The RAG Stack — What Each Layer Actually Does

A production RAG system has two distinct pipelines: indexing (offline) and retrieval + generation (online). Keeping them conceptually separate prevents the mistake of optimizing the wrong bottleneck.

Indexing Pipeline

Load raw documents → clean and normalize → split into chunks → embed each chunk → store (vector + metadata) in the vector store. This runs once and whenever documents change. Chunk quality is fixed here — there is no online recovery from bad chunking.

Retrieval Pipeline

Receive user query → transform query (optional) → retrieve candidate chunks → rerank candidates → assemble context window → generate answer. Each stage is independently tunable and independently measurable.

Evaluation Loop

Measure retrieval recall, precision, and faithfulness continuously. Without a quantitative feedback loop, you are flying blind — changes may feel better in demos but regress real-world performance.

Chunking: Where Most Teams Get It Wrong

Chunk size is a retrieval-generation trade-off.

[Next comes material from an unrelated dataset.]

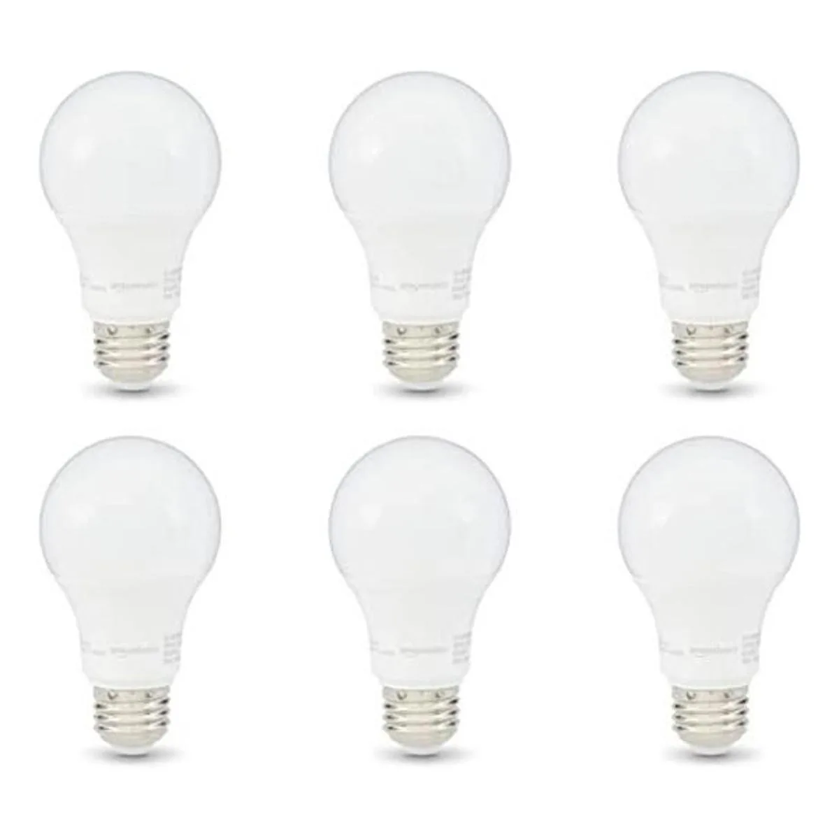 Bombilla LED A19 equivalente a 60 W, color blanco suave, regulable, vida útil de 10,000 horas, paquete de 6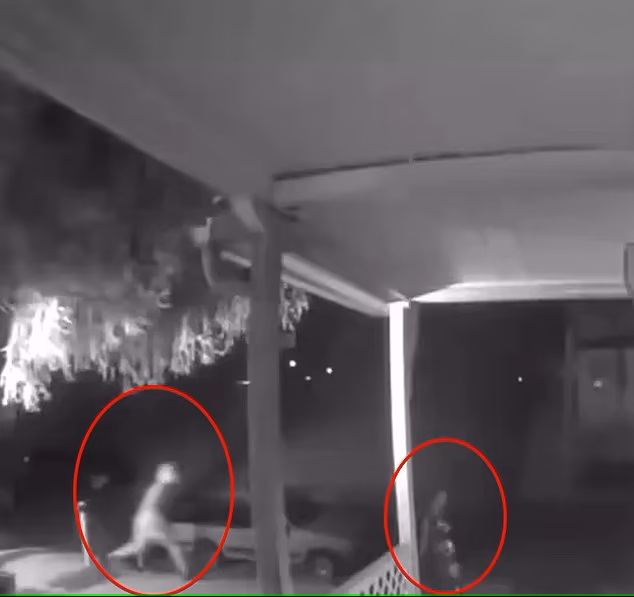 Το υλικό από τις κάμερες παρακολούθησης του γείτονα δείχνει δύο άνδρες να δραπετεύουν από το σημείο του περιστατικού ενώ το σπίτι γεμίζει με φλόγες επί της οδού Λίνκολν γύρω στις 1.30 π.μ. το πρωί της Τετάρτης.

Small chunks improve retrieval precision (the retrieved passage is more likely to be exactly relevant) but risk losing context that the generator needs. Large chunks preserve context but reduce retrieval precision and burn context-window tokens fast. The right size depends on your document structure — there is no universal answer.

Recursive character splitting is the safest default for unstructured prose. It tries to split at paragraph boundaries first, then sentences, then words, falling back to characters only when necessary. LangChain's RecursiveCharacterTextSplitter implements this well.

from langchain.text_splitter import RecursiveCharacterTextSplitter

splitter = RecursiveCharacterTextSplitter(
    chunk_size=512,        # characters, not tokens
    chunk_overlap=64,      # overlap to preserve sentence continuity
    separators=[
        "\n\n",          # paragraph break first
        "\n",             # line break
        ". ",              # sentence boundary
        " ",               # word boundary
        "",                # character fallback
    ],
    length_function=len,
)

chunks = splitter.split_documents(docs)

# Each chunk carries metadata from the source document
# Preserve: source URL, section heading, page number, date
for chunk in chunks:
    chunk.metadata["chunk_id"] = f"{chunk.metadata['source']}:{i}"
    chunk.metadata["heading"] = extract_nearest_heading(chunk)

Note

Chunk overlap (the chunk_overlap parameter) prevents information from being split across chunk boundaries. A 64-character overlap means the first 64 characters of chunk N+1 repeat the last 64 characters of chunk N. Set it to roughly 10-15% of chunk size. Zero overlap causes retrieval gaps at boundaries.

For structured documents(code, tables, Markdown with headers), semantic splitting respects the document's own structure. Split on Markdown headings for wikis and docs. Split on function/class boundaries for code. The structure itself signals where complete thoughts begin and end.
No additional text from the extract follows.